Understanding what your code-based product or project is supposed to do seems like a no-brainer. Yet, it can be surprisingly hard to know for sure—people change their minds about what should be in or out, schedules change, teams change members, and other teams you need to work with have different priorities than you. The stereotype of knowing what you are supposed to do up front, which won't change (a waterfall concept), is a rare phenomenon if it ever happens. A sprint being planned and then totally completed by the end is rare enough. Imagine how unlikely a project going for 20 or more sprints will nail it perfectly. My team did two major projects at my last employer, each with 16 months' development time, yet the end product bore little resemblance to the initially proposed product. So, knowing what your code should do can be a very dynamic thing.
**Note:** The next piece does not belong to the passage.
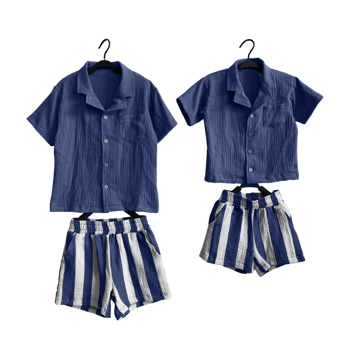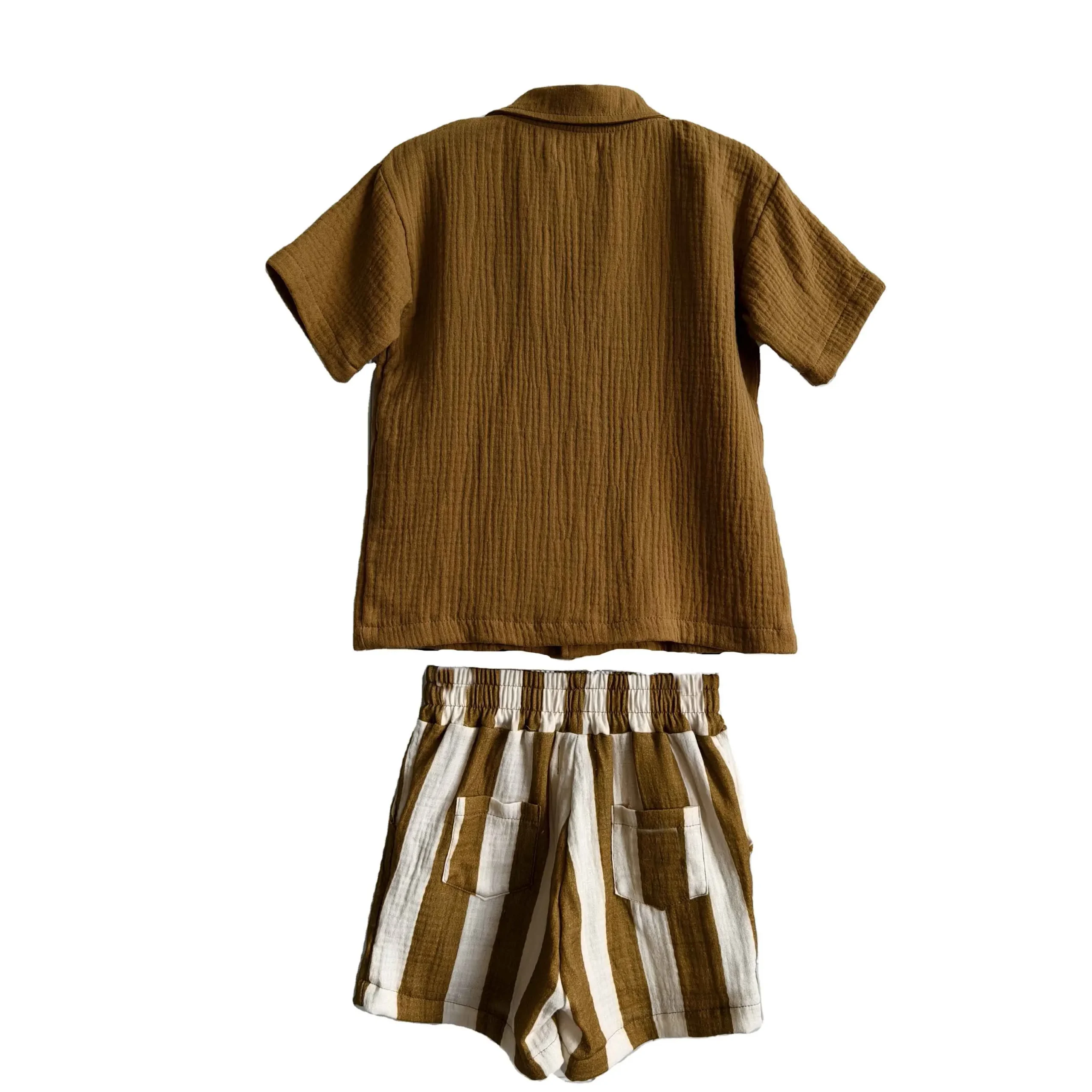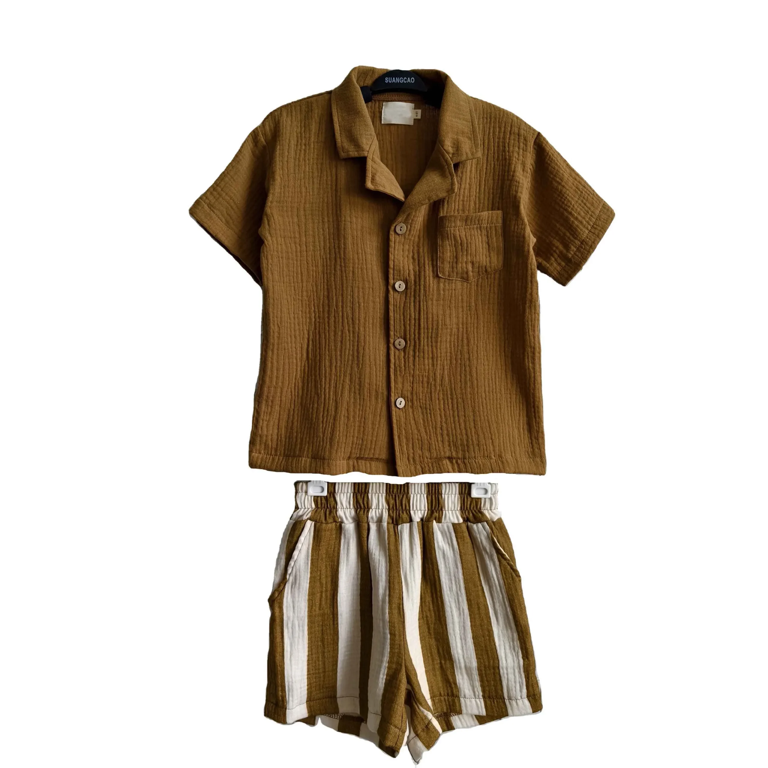 Summer Children Girls Set Printed T-shirt Short Sleeve Shorts Set Boys Cute Crepe Casual Toddler Clothing Set

This means that as a leader, you have to understand what the product team is asking today, imagine what might be asked tomorrow, deal with details that may only be decided deep into the schedule, adjust expectations regarding schedules, offer alternatives, or propose a different path, go to way the hell too many meetings, and somehow keep all of this in your head (and what tools you may have). To have product teams care to communicate with you, you have to understand the business needs, be able to ask important questions at the right time, and always stay in contact. You can't simply be handed some user stories and implement them as written without continuous clarifications, explanations, or even pointing out missing items. If a product team does not care to communicate at all (I've seen this in prior years; thankfully, in my last (very large) employer, I always had reasonable access to them, and they tended to appreciate the communication), then achieving quality will be difficult or impossible.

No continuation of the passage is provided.